Ryanair announced last Thursday it will stop flying from three regional airports in France due to what it calls a ‘harmful tax’ hike on airplane tickets, urging the French government to reverse its policy.
The low-cost airline plans to withdraw from Bergerac, Brive, and Strasbourg, cutting routes to Ireland, Portugal, and Scotland, unless the tax is scrapped. It is the fourth airport dropped by the company since the spring, when it also cut service to Vatry.
This follows similar moves in Belgium and Denmark, where Ryanair reduced services in response to rising aviation taxes. France is now the latest target in a campaign that pits European governments against one another over what Ryanair sees as excessive levies.
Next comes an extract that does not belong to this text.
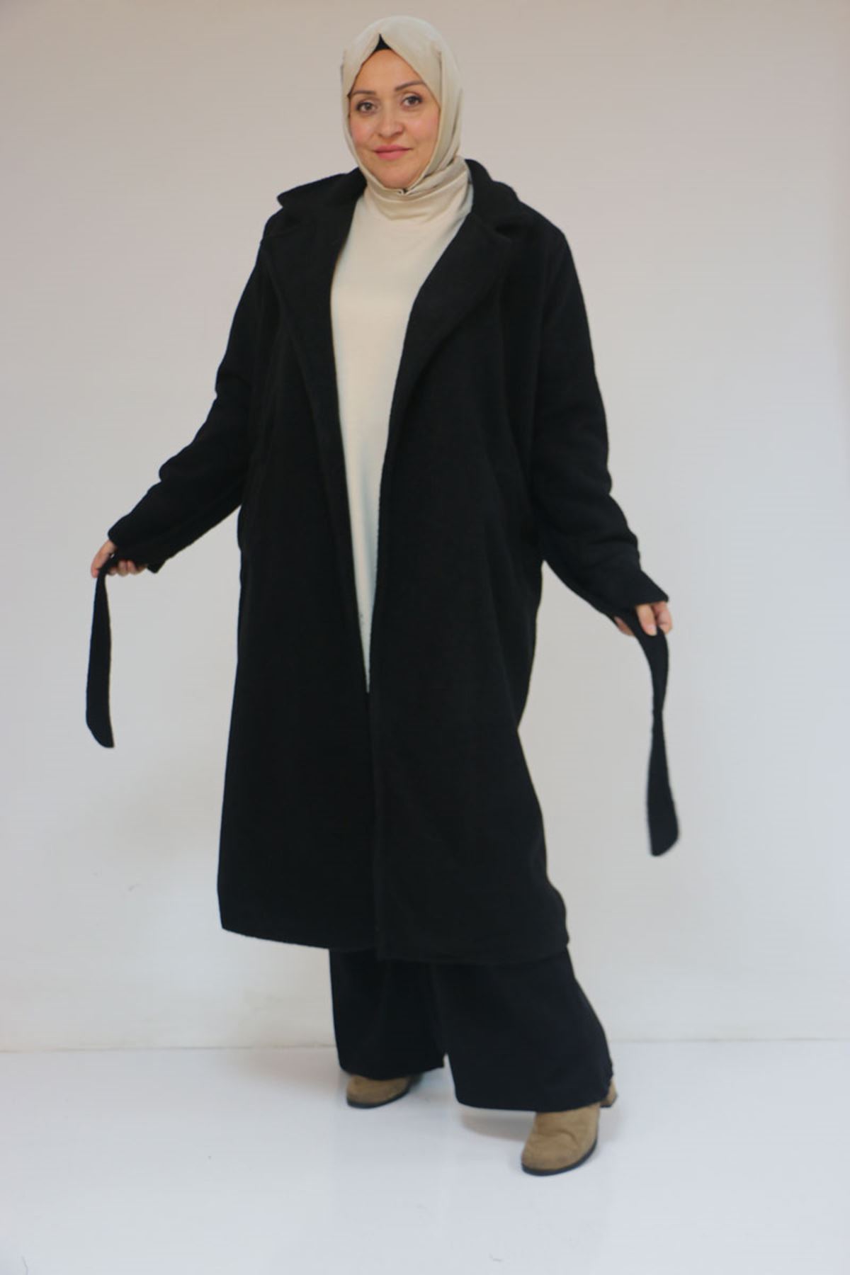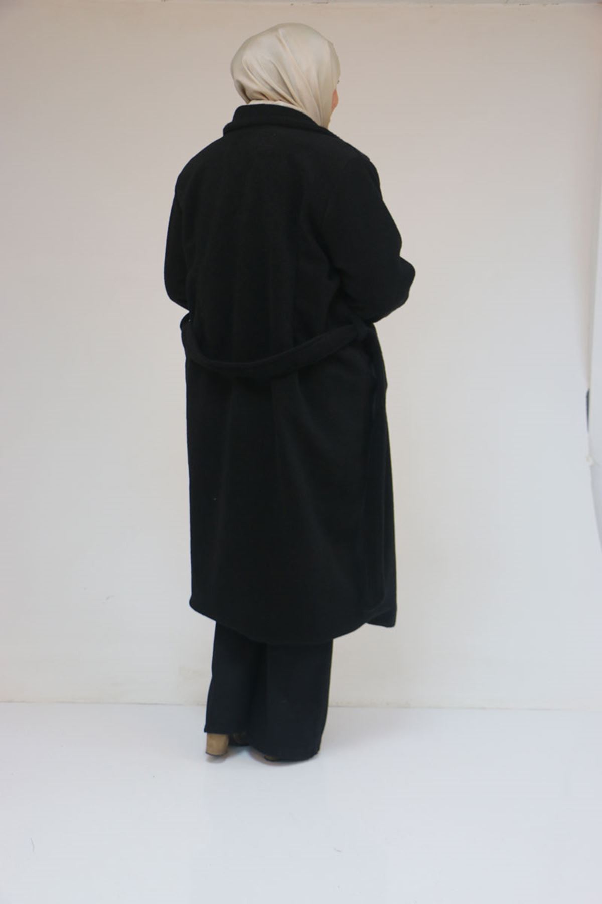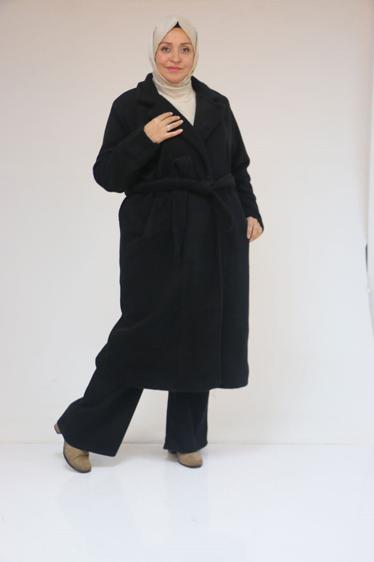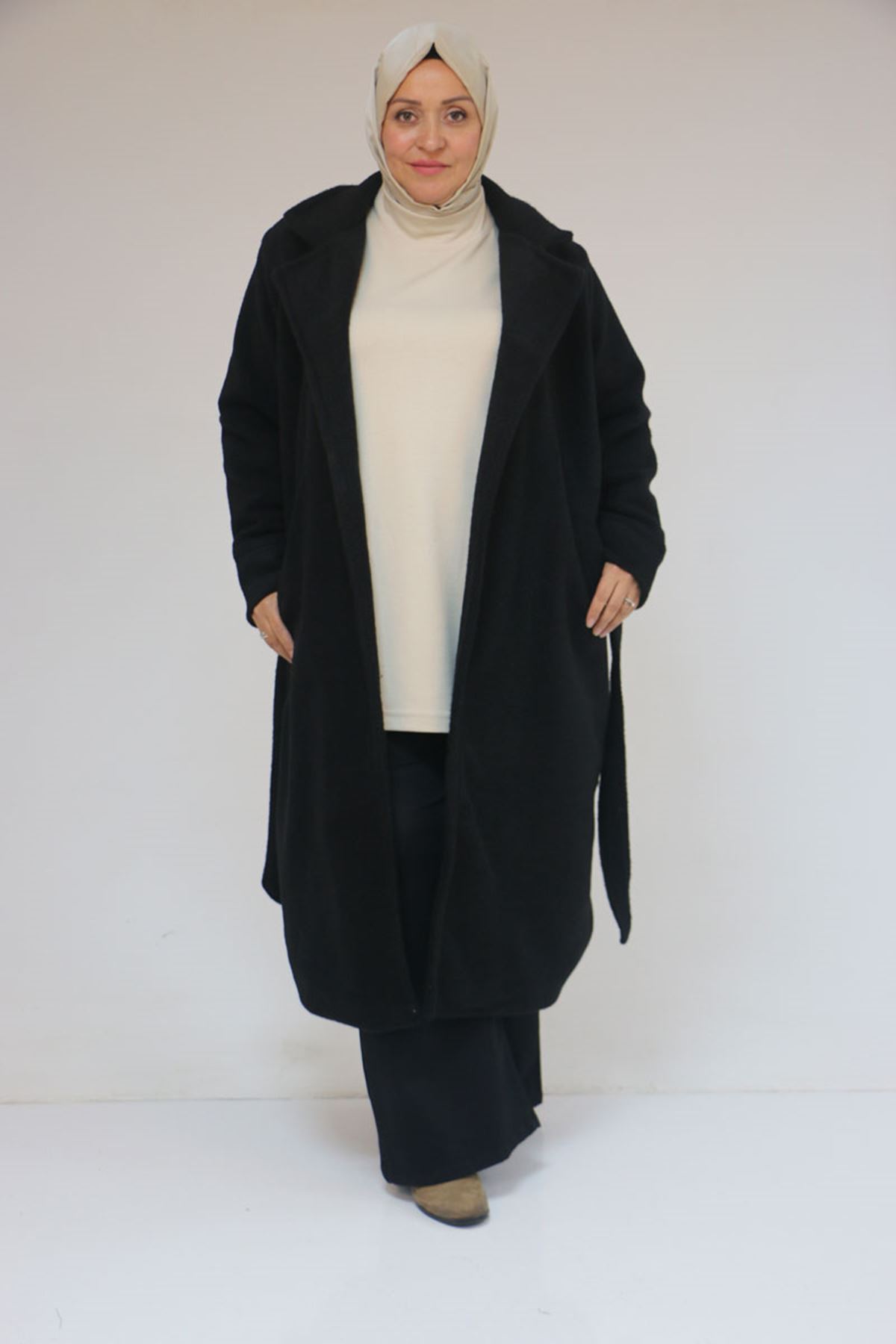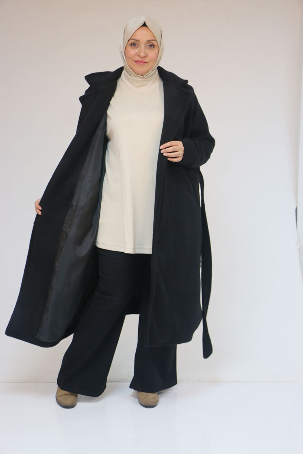 53049-E Büyük Beden Keçe Kalın Manşetli Kaban - Siyah

The trigger was the 182% increase in the French Solidarity Tax, which is set to rise from €2.63 to €7.44 per passenger on domestic and intra-European flights in March 2025. While the French government claims that the tax supports sustainable transport and climate goals, Ryanair maintains that it penalises low-cost carriers and undermines regional connectivity.
“This astronomical tax makes France less competitive compared to other EU countries such as Ireland, Spain, and Poland, which do not impose any air taxes,” the airline said in a statement.
The French government’s increase of the solidarity tax on air tickets (#TSBA) goes in the wrong direction.
It will reduce connectivity, harm consumer welfare, and divert funds from #decarbonisation 📉
Unilateral measures like this are not the right solution. pic.twitter.com/Ap9FiGlAaS
— Airlines for Europe (A4E) (@A4Europe) February 10, 2025
Ryanair estimates that the tax will cost the company €108 million annually, resulting in the cancellation of 25 routes, the loss of 750,000 passengers and a 13% reduction in winter capacity in France. The company has warned that this decision will have a negative impact on tourism, jobs and economic growth, particularly in underserved regions.
“At a time when France should be focusing on recovery and growth, Ryanair has no choice but to reduce its capacity for winter 2025 by 13 percent due to the French government’s failure to act against this harmful air tax,” said Jason McGuinness, Ryanair’s chief commercial officer.
While France is now presented as a cautionary example, Ryanair’s actions elsewhere in Europe show a more complex picture. Spain, for instance, is now listed by the airline as a ‘tax-free’ EU country – yet its regional airports tell a different story. In February, Ryanair cut 12 routes and 800,000 seats from smaller Spanish airports, citing excessive charges from operator Aena – prompting accusations of ‘blackmail’. Meanwhile, it increased capacity at major hubs such as Madrid, Málaga, and Alicante, suggesting that cost, not just tax policy, drives its decisions.
This tactic is not new. Back in February, when Ryanair threatened to pull out of two Danish airports, the company said it would redirect growth to “competing EU countries like Sweden, Italy and Hungary, who are abolishing their aviation taxes to promote connectivity, traffic, jobs and economic growth”.
Two weeks later, the same countries were praised by a Ryanair spokesperson in criticism of Belgium’s planned tax hike. The spokesperson stated that, rather than “abolishing aviation taxes and cutting airport charges to maintain competitiveness and stimulate traffic growth”, the new Belgian government was “proposing to increase its aviation tax on ordinary passengers by up to 150%”.
In France, the Transport Ministry responded by freezing the current tax rate until the end of 2026, but Ryanair says this is not enough. “The French government has failed to cancel an excessive increase in air tax,” the company said.
Unless the levy is reversed, Ryanair warns that it will redirect investment to more favourable markets. The airline has promised to invest $2.5 billion in France, base 25 new aircraft there, and create 750 new jobs if the tax is scrapped.
As Europe attempts to balance climate targets with aviation growth, Ryanair’s stated policy is to reward countries with low or no aviation taxes by increasing routes and investment and to reduce operations in those that impose higher levies.